Safe Driving for Older Adults

The CarFit program helps ensure aging adults maintain safety behind the wheel

Older driver adjusting his rearview mirror

Driving is an important part of community mobility

The loss of independence is one of the hardest things to accept as we age. According to the United States Census, the population of adults 65 and older grew by more than a third throughout the past decade. People are living longer and remaining more active as they age.

We spoke with Belinda Alexander, OTR, OTD, about strategies older adults can use to ensure they are safe behind the wheel and can continue to enjoy the independence of driving.
Alexander is an Assistant Professor in the Occupational Therapy Program of the TTUHSC School of Health Professions.

She also participates in CarFit, an educational program that helps promote safe driving for older adults by addressing the safety and fit of their personal vehicle. Community mobility is an important instrumental activity of daily living (IADL) that OT’s are skilled at addressing. Driving is an important part of community mobility and students study the impact community mobility has on one’s activity levels, engagement in meaningful activities, and health and well-being. OT students in the TTUHSC School of Health Professions are given the opportunity to volunteer to participate in the CarFit technician training and then participate in a local CarFit event. Having the CarFit technician training is something that some of our graduates can take with them to their future work settings with the hopes of educating more older adults in the aspects of safe driving.

The Effects of Aging and Mobility on Safe Driving

“From the moment we enter the world, we are getting older,” Alexander begins. “It’s the natural process of life that our bodies in our 60s and 70s aren’t like our bodies were in our 20s.”

Eventually, we will all have to adjust. When it comes to driving, this means learning to adjust to your physical changes to maintain safety. It also means learning to accept and prepare for the day when you won’t be able to drive any longer, which can be very difficult.

“Our vision can decline, our bodies change. Flexibility, mobility, strength, posture, and the ability to enter and exit the vehicle can be impacted by the natural progression of life,” Alexander says. “Those are the areas we look at.”

Misconceptions of Older Drivers

One of the most common forms of ageism is that older drivers are inherently unsafe on the road. Alexander is quick to point out the need to be respectful of the changes that an aging body undergoes.

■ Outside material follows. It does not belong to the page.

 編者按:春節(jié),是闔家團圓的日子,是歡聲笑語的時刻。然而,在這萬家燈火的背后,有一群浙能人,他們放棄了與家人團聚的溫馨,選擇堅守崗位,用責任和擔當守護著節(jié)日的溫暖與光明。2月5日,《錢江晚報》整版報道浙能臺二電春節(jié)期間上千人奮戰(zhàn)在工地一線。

“We need to remember that these older adults have been driving for a very long time and have a lot of experience,” she says. “They tend to be more cautious because they have gotten recklessness out of their system.”
Alexander points out that the death rates in car accidents are elevated in older adults, but this is due to the physical changes and other comorbidities more so than unsafe driving.

What is CarFit?

Belinda Alexander, OTR, OTD

Belinda Alexander, OTR, OTD

CarFit is a screening for older adult drivers for the purpose of keeping them safe in their vehicle and making sure they’re fitted to their vehicle in the best way possible,” Alexander says.

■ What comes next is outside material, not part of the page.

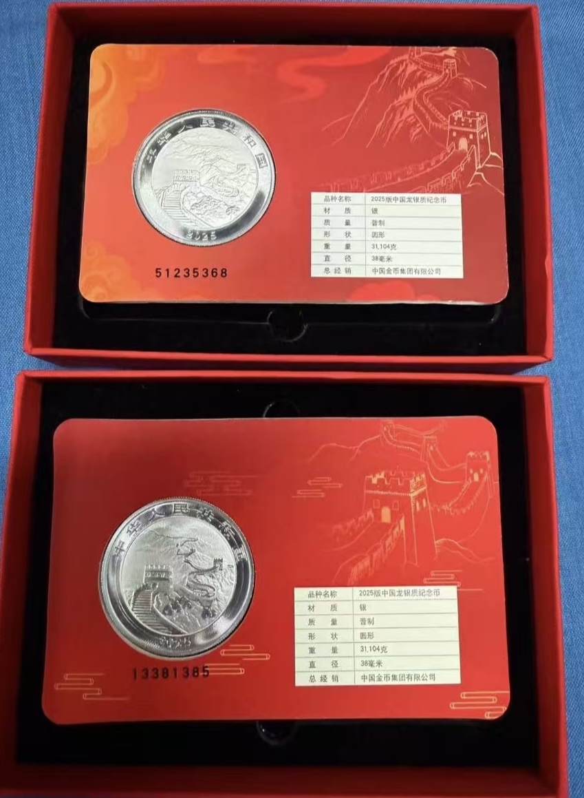 出2025中国龙银币智能卡一套,如图,有一枚是尾8,一套2100元包邮。

The community-based educational program was created in 2006 in collaboration with the American Automobile Association (AAA), AARP and the American Occupational Therapy Association (AOTA).

While one doesn't have to be an Occupational Therapist to be trained as a CarFit technician, an OT is present at CarFit events and screenings to review the completed CarFit checklist and to make any recommendations for adaptive devices that might assist with driver safety and fit within their vehicle.

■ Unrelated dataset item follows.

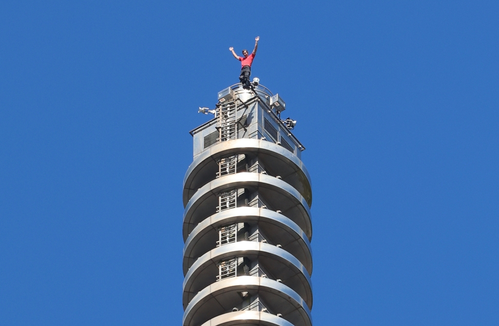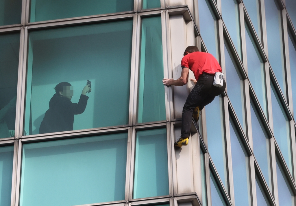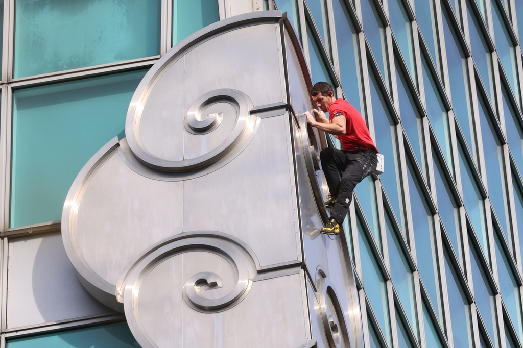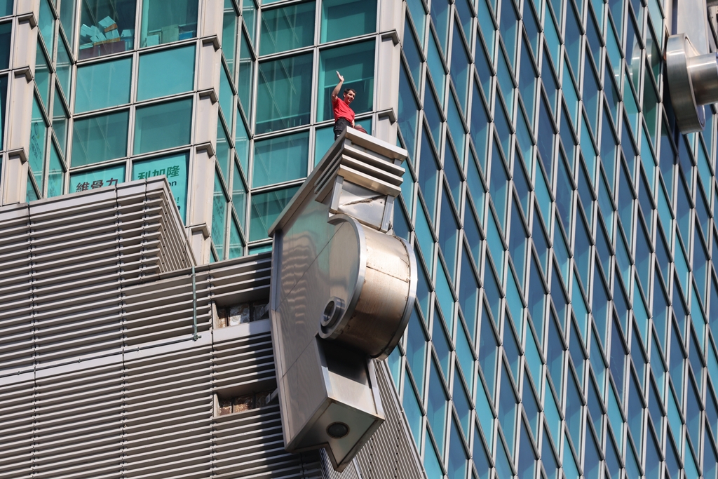 霍諾德今上午約9時12分起開始攀登台北101。(圖/黃世麒攝)

During CarFit events and one-on-one screenings, “Everything is a suggestion, and nothing is forced on the driver,” Alexander says. “It takes place with the vehicle, and CarFit representatives will make recommended changes if the driver chooses to allow them.”

Adjustments could be made to the positions of the mirrors, steering wheel, headrests and seats.

“We look at the airbag. If you’re too close to an airbag, there can be injuries,” Alexander cautions.

“Some older adults aren’t sure about all the buttons, gadgets and adjustability that cars have,” she says. “So, sometimes we simply help the driver become more comfortable with some of the safety features and adjustable components in their vehicle.”

The screening follows a checklist that takes 20-30 minutes and can be extended if needed. Alexander says the experience is designed to be efficient but also flexible enough to answer any questions or concerns the driver might have.

Part of the vehicle inspection includes looking for any damage that could be an indication that the driver may not be as safe as they once were.

Planning for Loss of Mobility

Alexander recommends planning for independence and mobility in the same way you plan for retirement. It’s important to accept the truth that we are all aging and to be as prepared as possible to maintain the life you want to live.
 
It may mean becoming comfortable with current ridesharing apps or finding a car service you are comfortable with so that you can continue to engage in the community activities that are important to you and that you enjoy.

“Nobody wants to give up their independence,” Alexander says. Having this discussion with a loved one or facing it yourself can be a very challenging experience. Not everyone will be faced with driving retirement, but if you are, its best to plan ahead. Identify your community’s available transportation options or seek the advice from an OT professional that can help you navigate your community mobility options so that your quality of life doesn’t have to decline because you are no longer driving.